Data
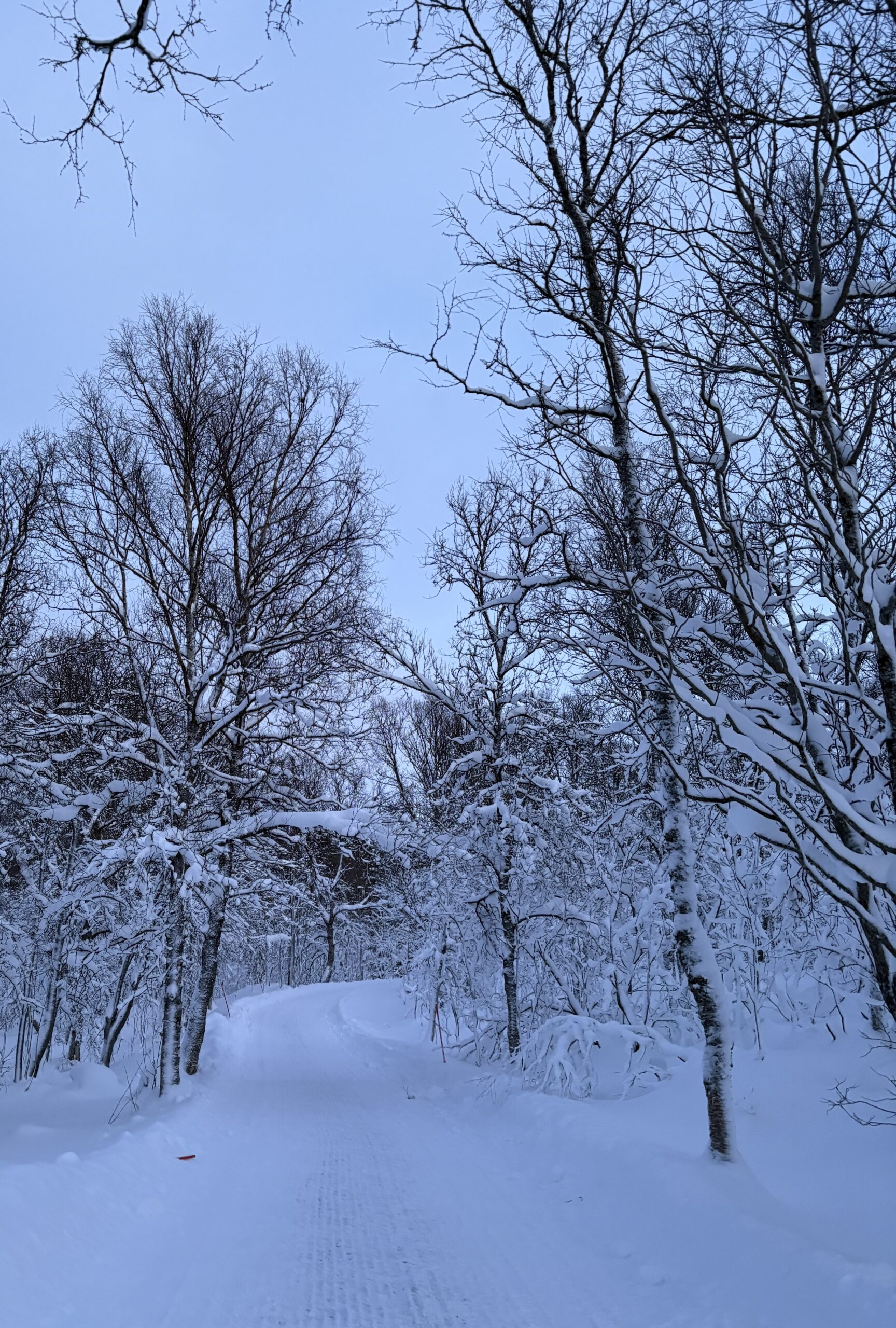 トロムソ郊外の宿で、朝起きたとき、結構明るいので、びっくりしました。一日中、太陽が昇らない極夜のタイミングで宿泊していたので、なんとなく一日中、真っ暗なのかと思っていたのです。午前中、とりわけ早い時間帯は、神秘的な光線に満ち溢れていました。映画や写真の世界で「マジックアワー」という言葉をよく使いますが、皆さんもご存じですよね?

* * *

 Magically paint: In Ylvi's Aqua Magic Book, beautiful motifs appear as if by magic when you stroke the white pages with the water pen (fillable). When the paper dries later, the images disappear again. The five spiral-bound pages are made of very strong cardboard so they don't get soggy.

* * *

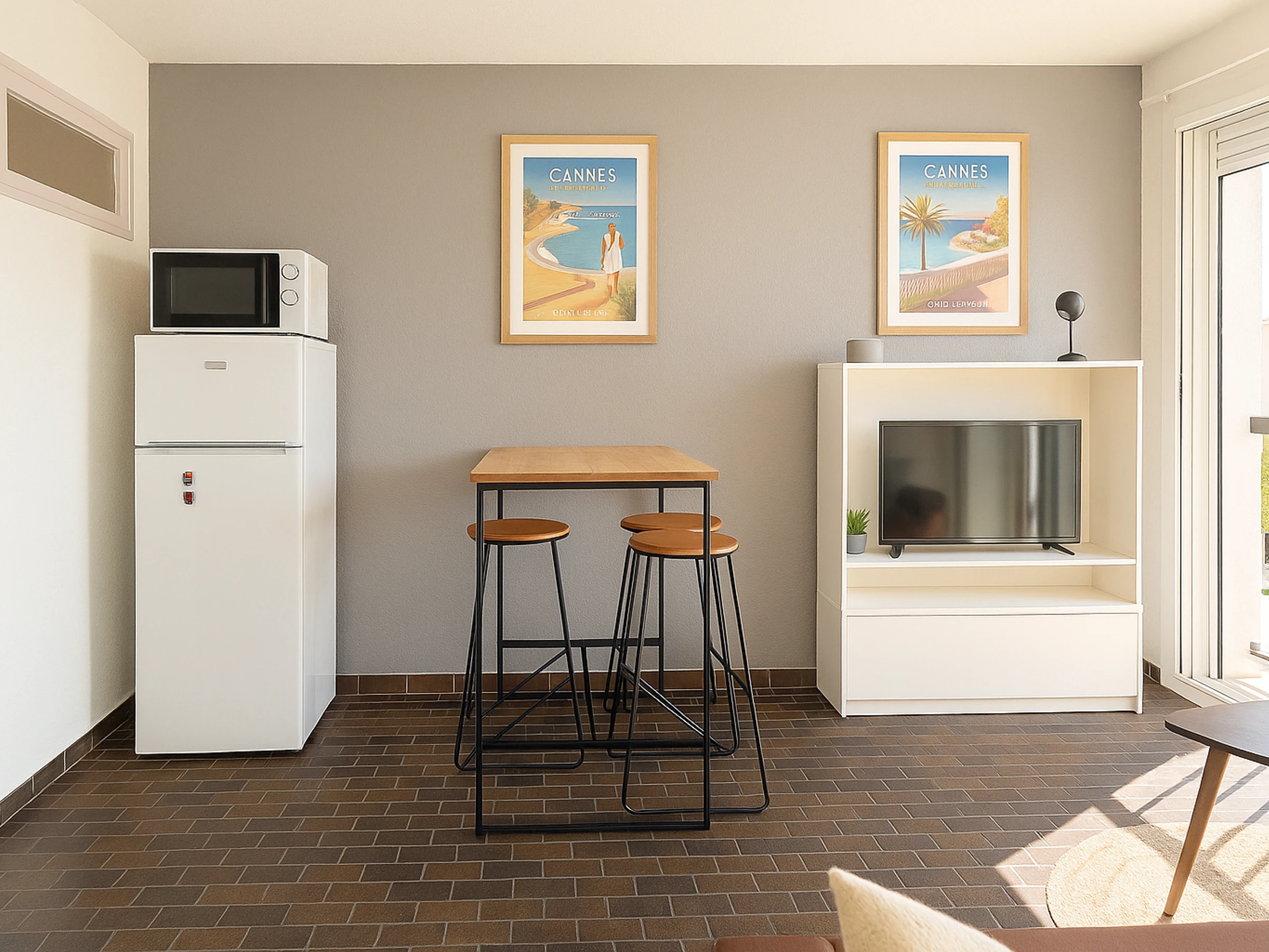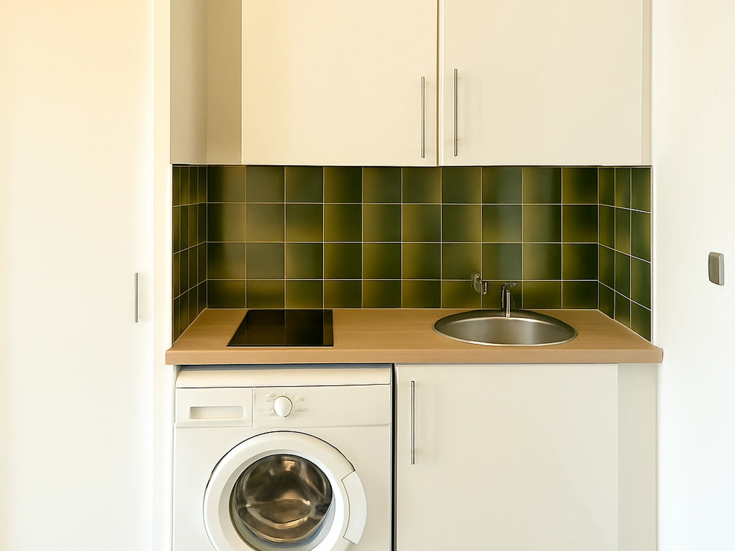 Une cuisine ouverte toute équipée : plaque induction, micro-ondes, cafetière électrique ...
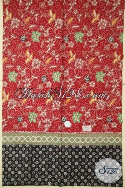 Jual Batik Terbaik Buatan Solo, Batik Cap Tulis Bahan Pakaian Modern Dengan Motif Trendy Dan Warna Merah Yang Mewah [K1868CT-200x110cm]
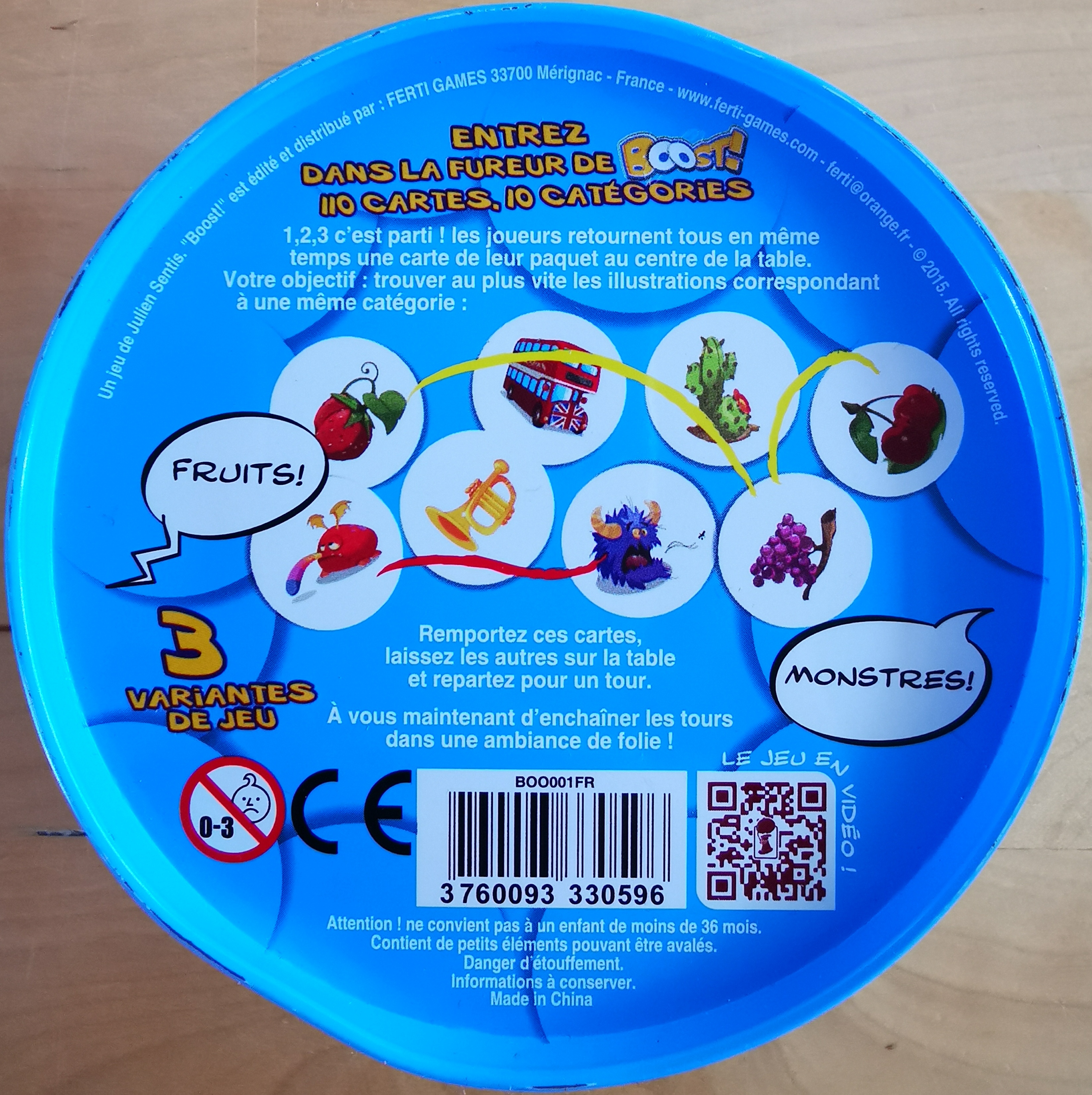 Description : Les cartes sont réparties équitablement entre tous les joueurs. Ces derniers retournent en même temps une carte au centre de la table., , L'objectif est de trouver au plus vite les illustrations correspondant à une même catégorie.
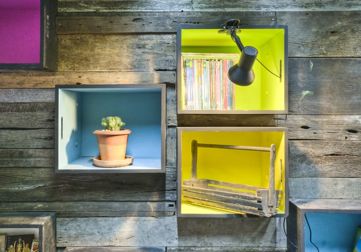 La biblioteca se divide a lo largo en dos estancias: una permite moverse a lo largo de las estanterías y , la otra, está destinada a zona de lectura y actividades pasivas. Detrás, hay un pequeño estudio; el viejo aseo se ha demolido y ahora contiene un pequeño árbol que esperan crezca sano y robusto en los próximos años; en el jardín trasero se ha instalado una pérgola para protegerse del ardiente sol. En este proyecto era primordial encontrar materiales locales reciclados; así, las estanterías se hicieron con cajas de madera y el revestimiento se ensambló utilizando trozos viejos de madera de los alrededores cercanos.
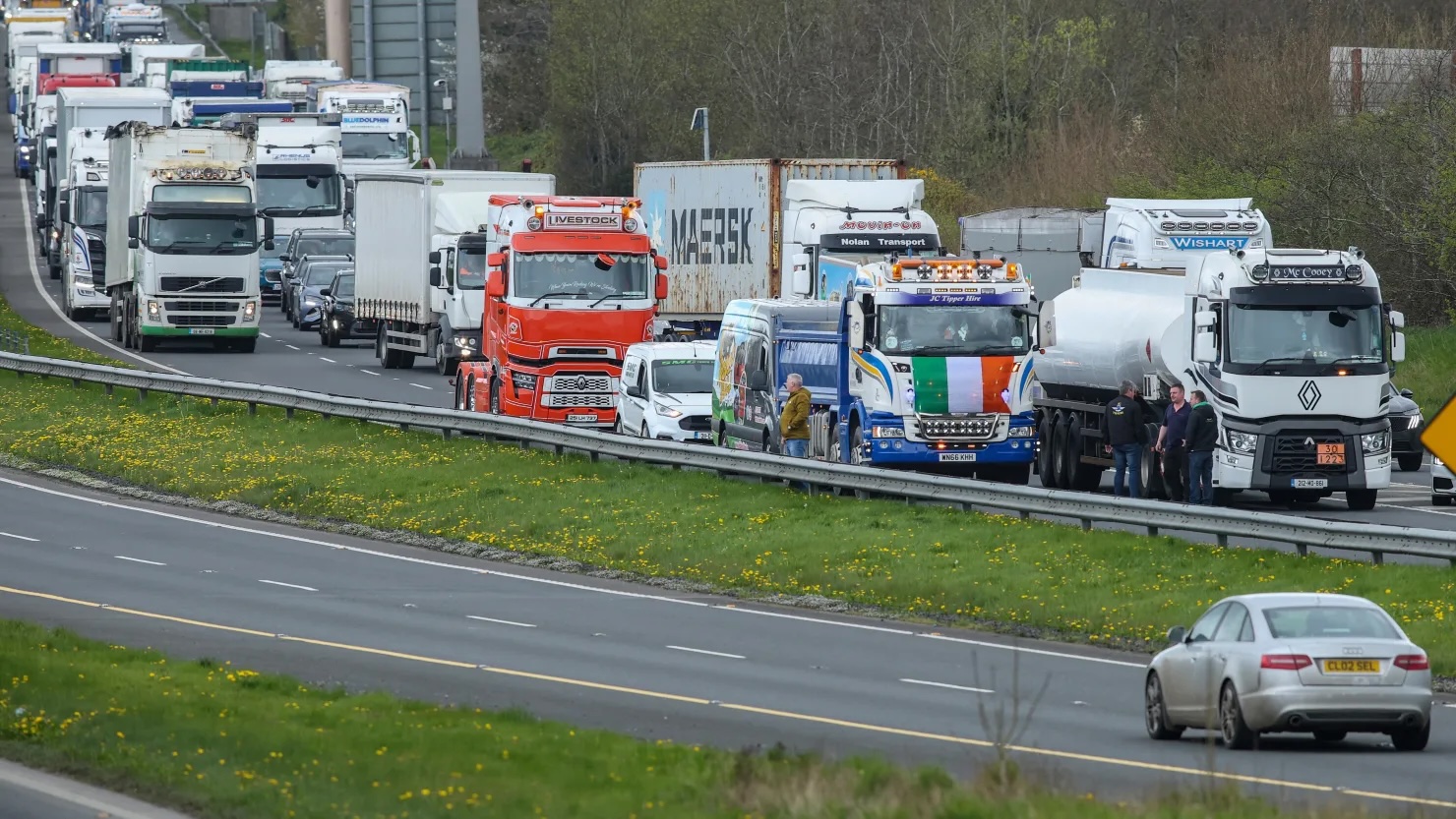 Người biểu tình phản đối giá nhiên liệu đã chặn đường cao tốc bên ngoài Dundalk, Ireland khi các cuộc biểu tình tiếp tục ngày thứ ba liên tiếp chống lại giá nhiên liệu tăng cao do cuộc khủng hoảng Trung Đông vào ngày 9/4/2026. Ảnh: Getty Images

Instructions to follow
What lines above run from the one with "Description : Les" to the one with "Người biểu tình"? Give them again exactly, ends included, and leave the pictures out.

Reply
 Description : Les cartes sont réparties équitablement entre tous les joueurs. Ces derniers retournent en même temps une carte au centre de la table., , L'objectif est de trouver au plus vite les illustrations correspondant à une même catégorie.
 La biblioteca se divide a lo largo en dos estancias: una permite moverse a lo largo de las estanterías y , la otra, está destinada a zona de lectura y actividades pasivas. Detrás, hay un pequeño estudio; el viejo aseo se ha demolido y ahora contiene un pequeño árbol que esperan crezca sano y robusto en los próximos años; en el jardín trasero se ha instalado una pérgola para protegerse del ardiente sol. En este proyecto era primordial encontrar materiales locales reciclados; así, las estanterías se hicieron con cajas de madera y el revestimiento se ensambló utilizando trozos viejos de madera de los alrededores cercanos.
 Người biểu tình phản đối giá nhiên liệu đã chặn đường cao tốc bên ngoài Dundalk, Ireland khi các cuộc biểu tình tiếp tục ngày thứ ba liên tiếp chống lại giá nhiên liệu tăng cao do cuộc khủng hoảng Trung Đông vào ngày 9/4/2026. Ảnh: Getty Images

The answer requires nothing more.